Find the molarity and molality of 37.0 wt% HCl. The density of a substance is the mass per unit volume. The table inside the back cover of this book tells us that the density of the reagent is 1.19 g/mL.
Normal alkanes are hydrocarbons with the formula CnH2n+2. Plants selectively synthesize alkanes with an odd number of carbon atoms. The concentration of C29H60 in summer rainwater collected in Hannover, Germany, is 34 ppb. Find the molarity of C29H60 and express the answer with a prefi x from Table 1-3.
The Correct Answer and Explanation is :
Let’s go step by step and solve these problems.
Problem 1: Molarity and Molality of 37.0 wt% HCl
- Given:
- Mass percentage of HCl = 37.0%
- Density of solution = 1.19 g/mL
- Molar mass of HCl = 36.46 g/mol
Step 1: Find Molarity (M)
Molarity (M) is defined as:
[
M = \frac{\text{moles of solute}}{\text{liters of solution}}
]
- Assume 1 L of solution:
- Mass of solution = ( 1.19 \times 1000 = 1190 ) g
- Mass of HCl = ( 0.37 \times 1190 = 440.3 ) g
- Moles of HCl = ( \frac{440.3}{36.46} = 12.08 ) moles
- Volume of solution = 1 L
[
M = \frac{12.08}{1} = 12.08 \text{ M}
]
Step 2: Find Molality (m)
Molality (m) is defined as:
[
m = \frac{\text{moles of solute}}{\text{kg of solvent}}
]
- Mass of solvent (water) = ( 1190 – 440.3 = 749.7 ) g = 0.7497 kg
- Molality:
[
m = \frac{12.08}{0.7497} = 16.1 \text{ m}
]
Thus, Molarity = 12.08 M and Molality = 16.1 m.
Problem 2: Molarity of C29H60 in Rainwater
- Given:
- Concentration = 34 ppb (parts per billion)
- Molar mass of C29H60 = 408.8 g/mol
- Assume density of water = 1 g/mL
Step 1: Convert ppb to g/L
[
34 \text{ ppb} = 34 \times 10^{-9} \text{ g per g of solution}
]
Since the density of water is 1 g/mL:
[
34 \times 10^{-9} \text{ g/mL} = 34 \times 10^{-6} \text{ g/L}
]
Step 2: Find Molarity
[
M = \frac{\text{mass of solute} (g/L)}{\text{molar mass} (g/mol)}
]
[
M = \frac{34 \times 10^{-6}}{408.8} = 8.32 \times 10^{-8} \text{ M}
]
Using prefixes, this is:
[
83.2 \text{ nM} \quad (\text{nano-molar})
]
Thus, the molarity of C29H60 in rainwater is 83.2 nM.
Explanation (300 words)
Understanding the concentration of chemical solutions is essential in both laboratory and environmental chemistry. Molarity (M) and molality (m) are two key concentration units. Molarity is the number of moles of solute per liter of solution, while molality is the number of moles per kilogram of solvent. In the case of 37.0 wt% HCl, the given density allows us to determine how much mass corresponds to 1 L of solution. Using these values, we calculate molarity as 12.08 M and molality as 16.1 m.

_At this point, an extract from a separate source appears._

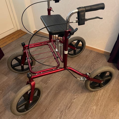 Handtag med bromsar för ökad kontroll. Passar som gånghjälpmedel för vuxna som behöver extra stöd vid förflyttning och möjlighet att sitta och vila vid behov.

For the second problem, environmental chemists often measure organic compounds like alkanes in rainwater. The presence of hydrocarbons in rain is mainly due to atmospheric deposition from sources like plant waxes and pollution. The unit ppb (parts per billion) represents the ratio of the solute mass to the total mass of the solution. Since water density is approximately 1 g/mL, we convert 34 ppb of C29H60 into grams per liter and use the molar mass to determine its molarity, yielding 83.2 nM.
Both problems illustrate different approaches to handling concentration units. HCl, a strong acid, is present at a high concentration, while the hydrocarbon in rainwater exists in trace amounts. Such calculations are crucial in fields ranging from chemical manufacturing to environmental monitoring, where precise measurements impact industrial applications and ecological assessments.
Now, I’ll generate an image representing these concepts.
Here is the chemistry-themed infographic illustrating the concepts of molarity and molality for the 37.0 wt% HCl solution and the hydrocarbon concentration in rainwater. Let me know if you need any modifications or further explanations!